The total loss includes preference optimization loss \(\mathcal{L}_{\text{pref}}\), domain adaptation loss \(\mathcal{L}_{\text{domain}}\), task preservation loss \(\mathcal{L}_{\text{task}}\), and agent consistency loss \(\mathcal{L}_{\text{agree}}\).

Key Experimental Results

Main Results

Recommendation performance on the ReDial dataset:

Method R@1 R@10 R@50 MRR@10 User Sat.
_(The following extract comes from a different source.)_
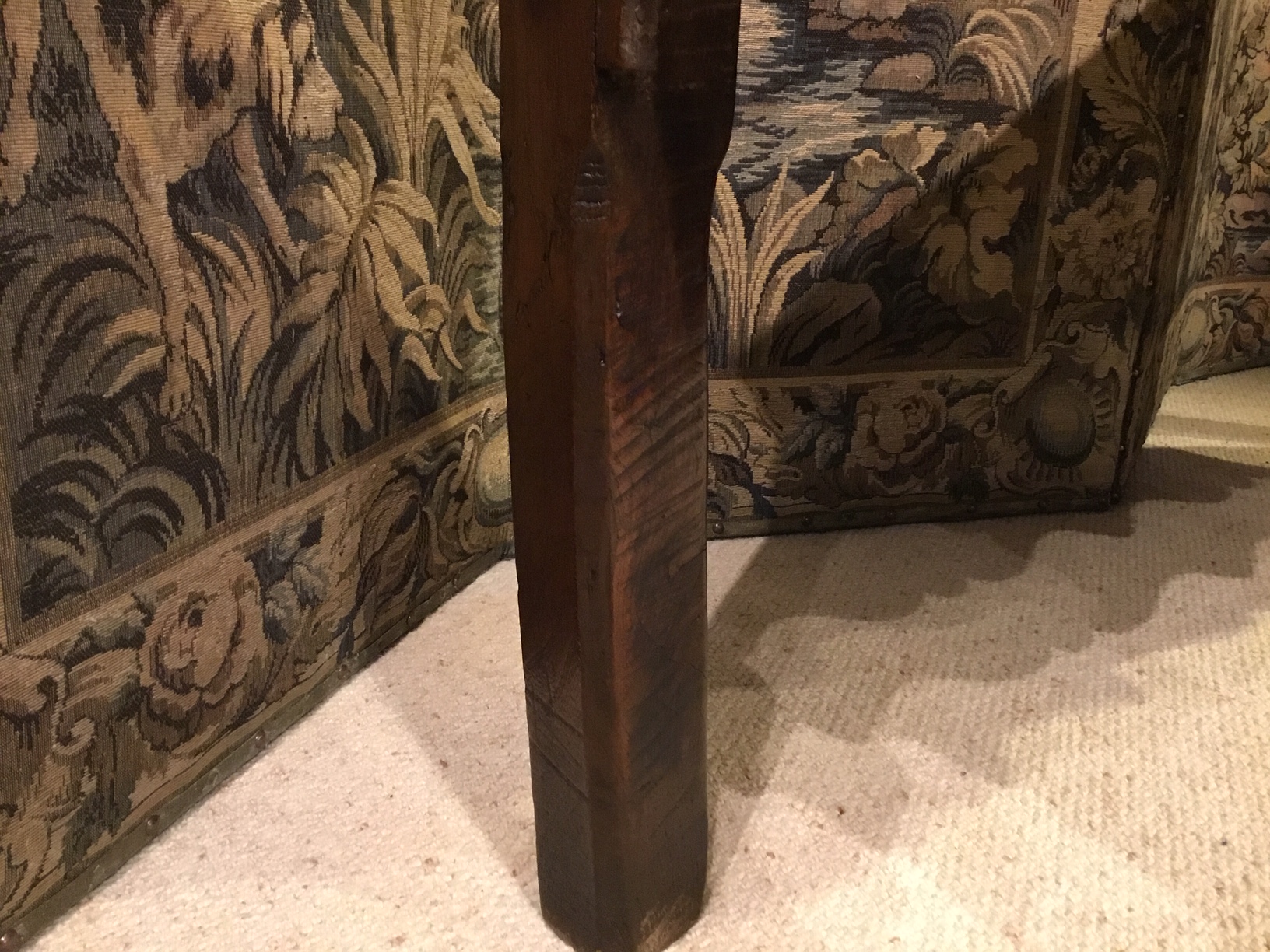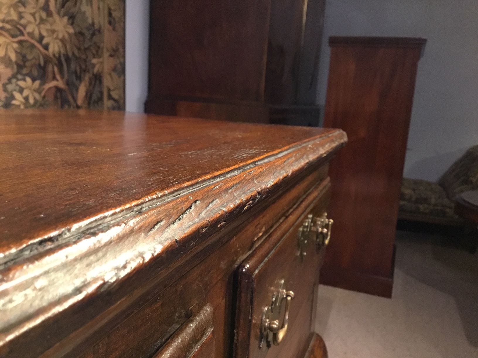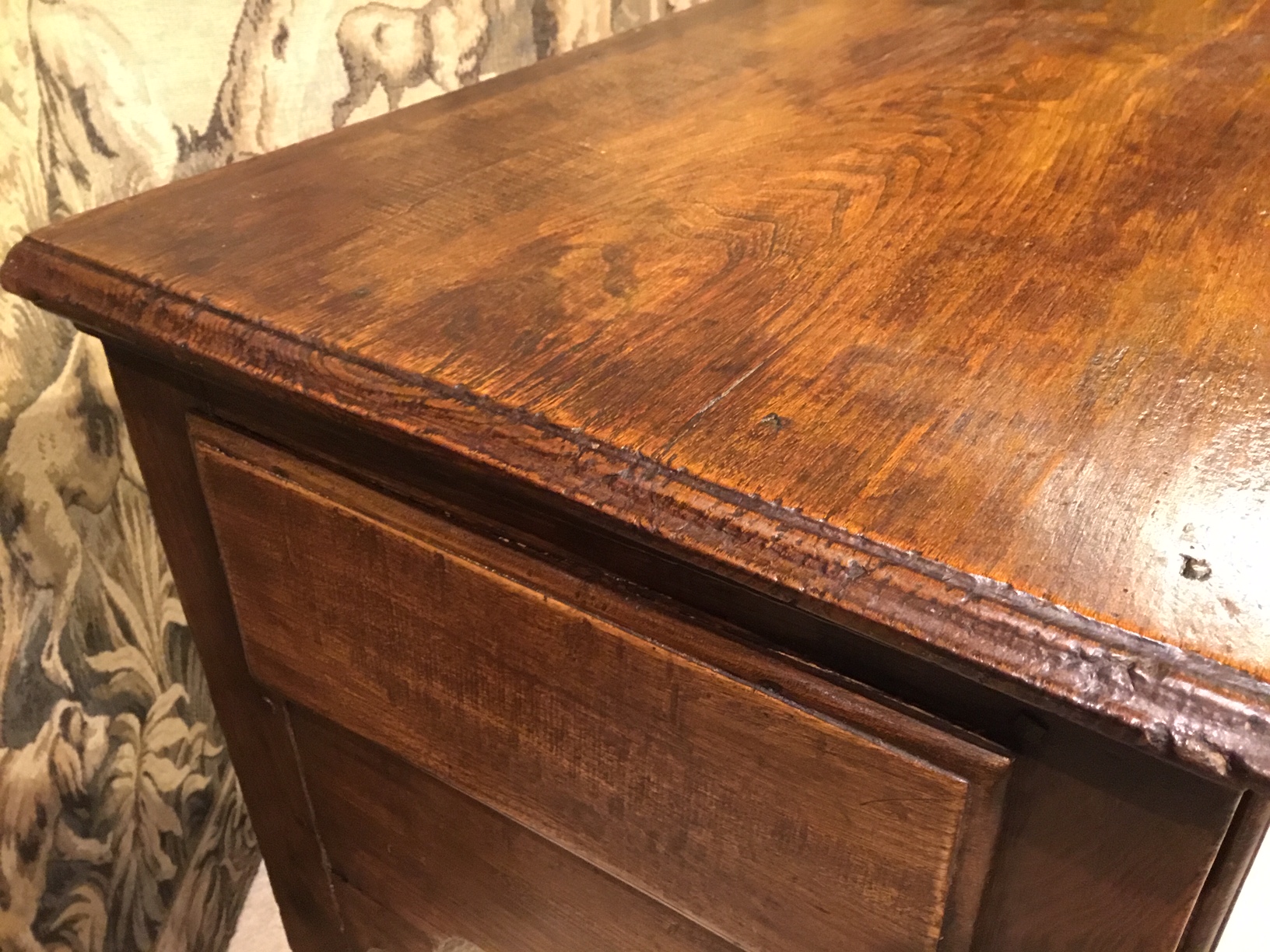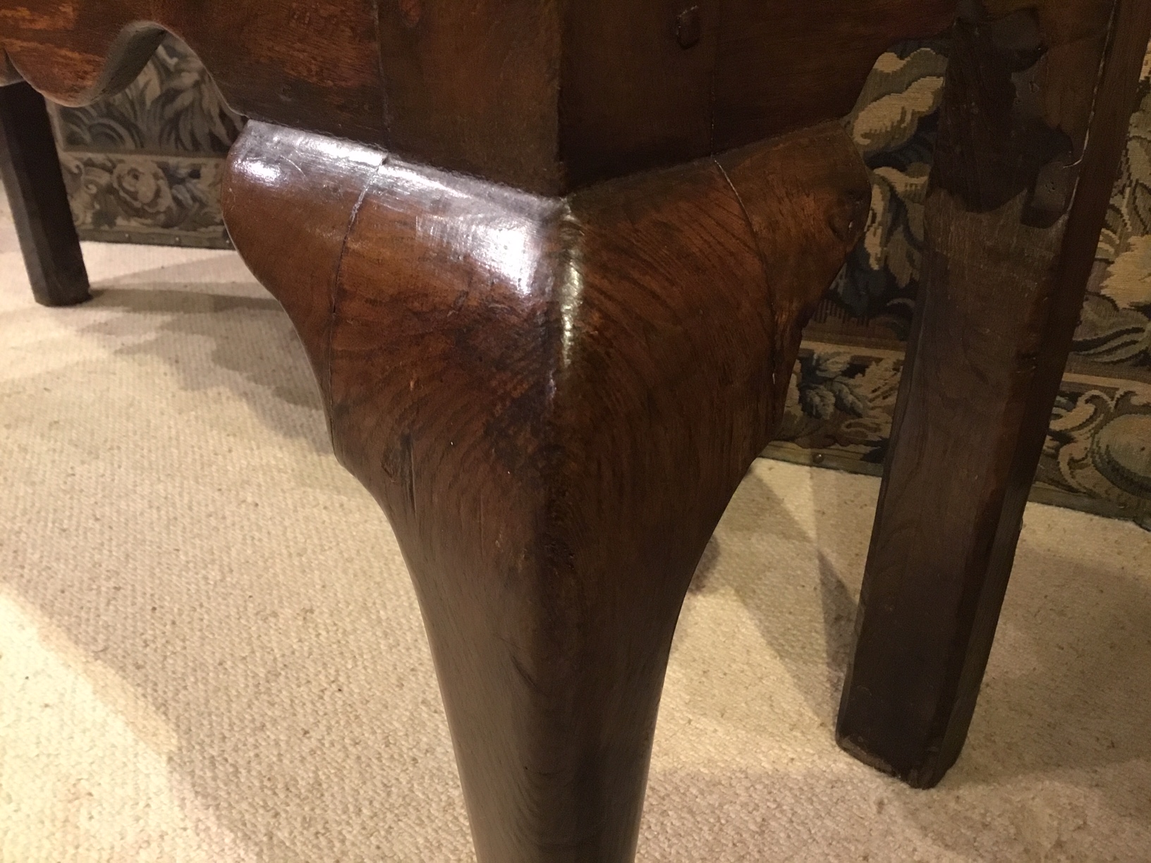 CompareAn elm George III Period cabriole leg dresser base. Having a rectangular single plank elm top above three rectangular frieze drawers with brass swan neck handles and escutcheons and having a wavy apron. Supported on front cabriole supports with pad feet and rear stile supports. English circa 1770-1780, in superb condition, a wonderful colour and patination. The handles are later replacements

Engage.
KBRD 2.9 16.7 36.2 7.4 0.42 0.38
UniCRS 3.8 18.1 37.4 8.4 0.45 0.41
GPT-4
Ours (HARPO) Best Best Best Best Best Best

Ablation Study

Configuration Key Metrics Description
Full HARPO Best Complete model
w/o STAR Significant drop Removed tree search reasoning
w/o CHARM Clear drop Removed hierarchical preference optimization
w/o BRIDGE Drop in cross-domain Removed domain transfer module
w/o MAVEN Slight drop Removed multi-agent refinement

Key Findings

  • HARPO achieves an average improvement of 17-21% over the strongest baseline (GPT-4), with even larger gains in user-alignment metrics.
  • The largest improvement is seen on the INSPIRED dataset (+45.7% R@10 higher than GPT-4), as social dialogue requires reasoning over implicit preferences.
  • Human evaluation confirms that recommendation quality, explanation quality, and overall ratings are significantly better than GPT-4 (+0.55, +0.50, +0.55).
  • The CHARM reward model achieves a Pearson correlation coefficient of 0.64-0.73 with independent human judgment.

Highlights & Insights

  • Identifying the misalignment between proxy metrics and recommendation quality as a fundamental problem in the CRS field is a paradigm-shifting insight.
  • VTO abstraction decouples reasoning logic from specific tools, similar to interface design in software engineering, providing an elegant solution for transferable reasoning.
  • Multi-dimensional quality decomposition combined with context-adaptive weighting avoids the information compression issues inherent in single reward signals.

Limitations & Future Work

  • The CHARM reward model itself may contain biases; while correlated with human judgment, it is not a perfect substitute.
  • Tree search reasoning increases computational overhead at inference time, requiring latency considerations for practical deployment.
  • Experimental dataset scales are limited (ReDial 10k dialogues), with insufficient large-scale validation.
  • Future work could explore expanding quality dimensions to even more fine-grained user preference modeling.
  • vs UniCRS: UniCRS unifies recommendation and generation but still optimizes proxy metrics; HARPO directly optimizes recommendation quality.
  • vs RecMind: RecMind uses self-motivated reasoning but lacks quality-guided search; HARPO’s value network provides quality-oriented guidance.
  • vs GPT-4: Even powerful general models perform well on proxy metrics but lag behind the specifically optimized HARPO on user-alignment metrics.

Rating

  • Novelty: ⭐⭐⭐⭐ Redefining conversational recommendation as a quality-optimized decision problem is novel.
  • Experimental Thoroughness: ⭐⭐⭐⭐ Complete results across three datasets, human evaluation, and ablation studies.
  • Writing Quality: ⭐⭐⭐⭐ Deep problem analysis and logically clear framework design.
  • Value: ⭐⭐⭐⭐ Provides important methodological insights for the CRS field.